Exercise requirements → Please print, exactly, only the lines in the entries below from the line that has "이 스텝이 진짜 복병이었다." through the line that has "A chef-inspired kitchen". Pictures don't go in.

Stored items from a collection
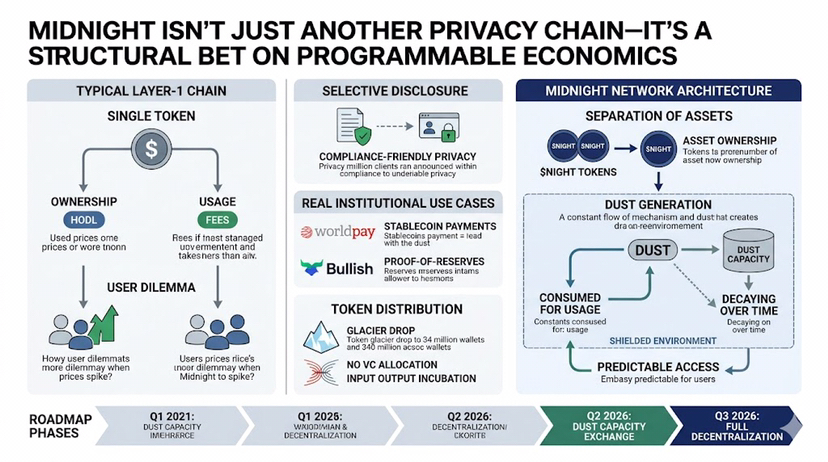 That structure solves a problem that has quietly plagued every major layer-1 blockchain. Think about it: on Ethereum or Cardano or Solana, the same token you believe in as a long-term investment is the one you have to spend when the network gets congested. When prices spike, usage becomes prohibitively expensive. When prices crash, security budgets get squeezed. Midnight breaks that cycle. You hold NIGHT, it passively generates DUST, and that DUST handles the operational costs regardless of what the market price of NIGHT is doing . It’s a design choice that prioritizes predictable access over speculative volatility, and it shifts the incentives toward long-term participation rather than short-term trading.
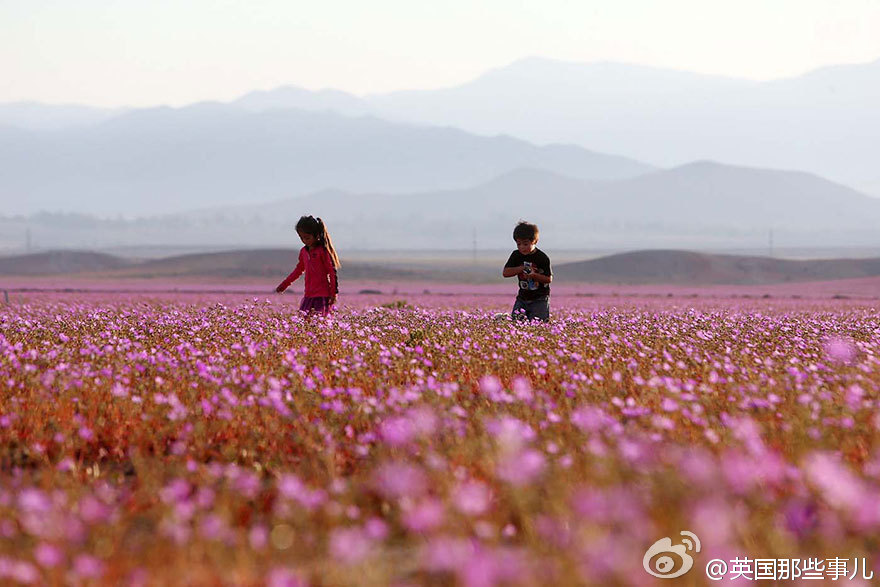智利阿塔卡馬沙漠本是世界上最干燥的沙漠,今年的厄爾尼諾現(xiàn)象帶來了一場超乎以往的大雨,沙漠土地里休眠的各種花朵種子瞬間發(fā)芽、生長、開花,在這以往死寂的沙漠綻放。
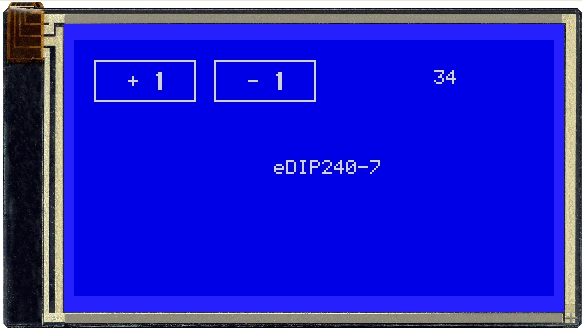 Das eDIP240-7 ist mit einem Touch-Panel ausgestattet, das komplett unter der Kontrolle des Displaycontrollers steht. Der Programmierer kann Schaltflächen festlegen, die mit einem Rahmen und einen Test angezeigt werden.
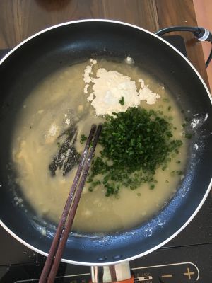 热油中放入适量的面粉做成油酥,等油酥冷了之后放入葱搅拌均匀!(PS:油酥中可以不放葱,等做饼的时候涮层油酥在放葱也可以,我比较爱偷懒)
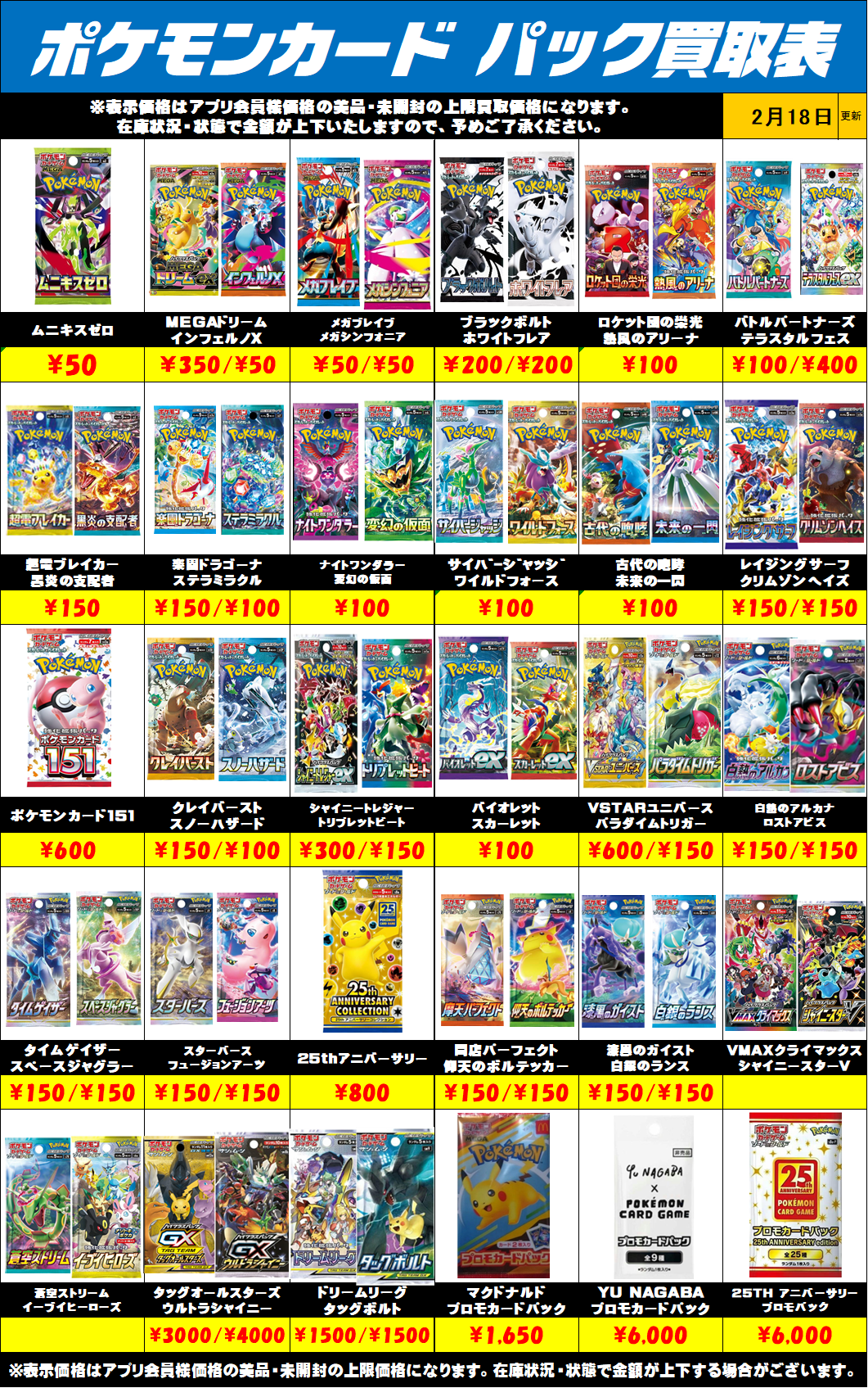 値段表記がないパックに関しましては、現在買取を行っていないものになります。ご了承ください
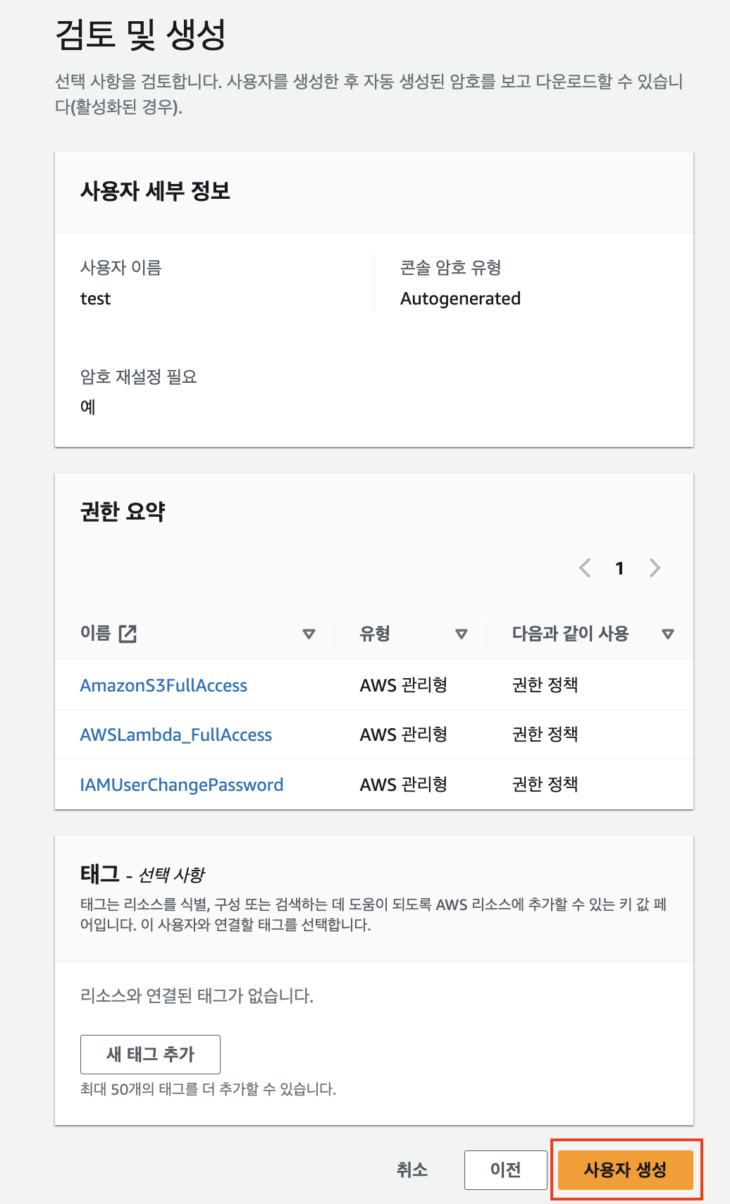 이 스텝이 진짜 복병이었다. 그냥 lambda에 코드 올리고 S3 연결해주면 되는거 아닌가 룰루~ 하면서 쉽게 생각했는데, 막상 그걸 하기 위해 설정해줘야 하는 것들이 있었다 하하... 이 글을 쓰고 있는 지금 시점에 와서야 이런게 있었지 허허허 하고 있지만 이거 처음 마주쳤을 때는 상당히 당황스러웠다. (사실 SDK라는 것을 본격적으로 사용해본게 처음이라서 그랬을 수도)
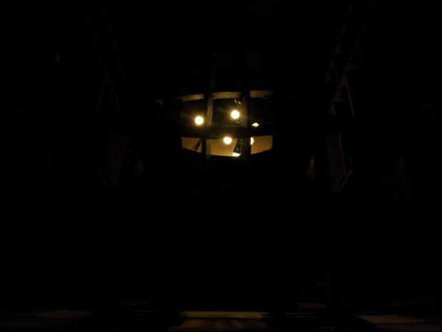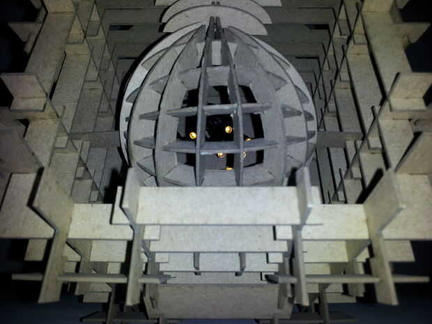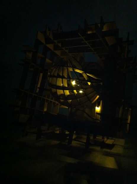 la luz dentro de la esfera y la sombra de la esfera a tierra del bastidor. Esfera es suspendida en el aire de cuatro conexiones, justo encima de la envolvente que esconde la caja de batería.
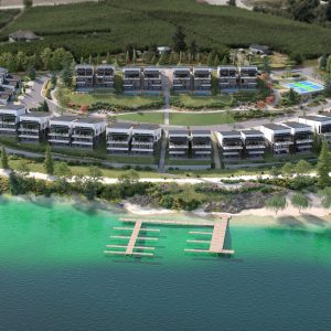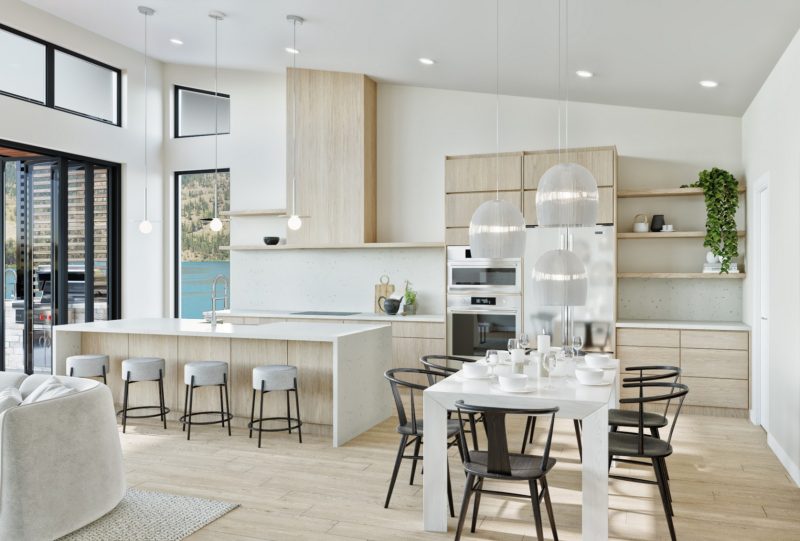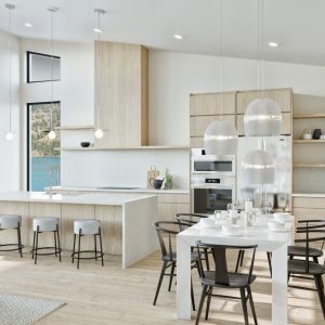 A chef-inspired kitchen with premium appliances, generous island and walk-in pantry anchors the space, while sliding doors open to a covered balcony, perfect for outdoor dining and relaxed evenings overlooking the lake.
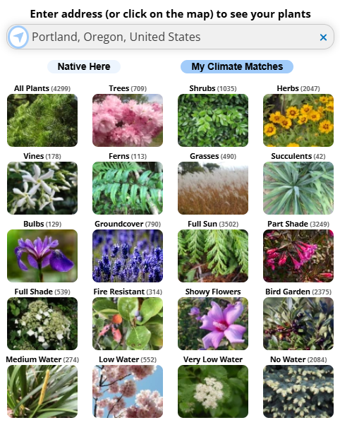 As in the home page, from the Search page (shown below) you can easily set your location then select and whether you want to see your native plants, your climate matches, or all plants in our database.

Completed task →
 이 스텝이 진짜 복병이었다. 그냥 lambda에 코드 올리고 S3 연결해주면 되는거 아닌가 룰루~ 하면서 쉽게 생각했는데, 막상 그걸 하기 위해 설정해줘야 하는 것들이 있었다 하하... 이 글을 쓰고 있는 지금 시점에 와서야 이런게 있었지 허허허 하고 있지만 이거 처음 마주쳤을 때는 상당히 당황스러웠다. (사실 SDK라는 것을 본격적으로 사용해본게 처음이라서 그랬을 수도)
 la luz dentro de la esfera y la sombra de la esfera a tierra del bastidor. Esfera es suspendida en el aire de cuatro conexiones, justo encima de la envolvente que esconde la caja de batería.
 A chef-inspired kitchen with premium appliances, generous island and walk-in pantry anchors the space, while sliding doors open to a covered balcony, perfect for outdoor dining and relaxed evenings overlooking the lake.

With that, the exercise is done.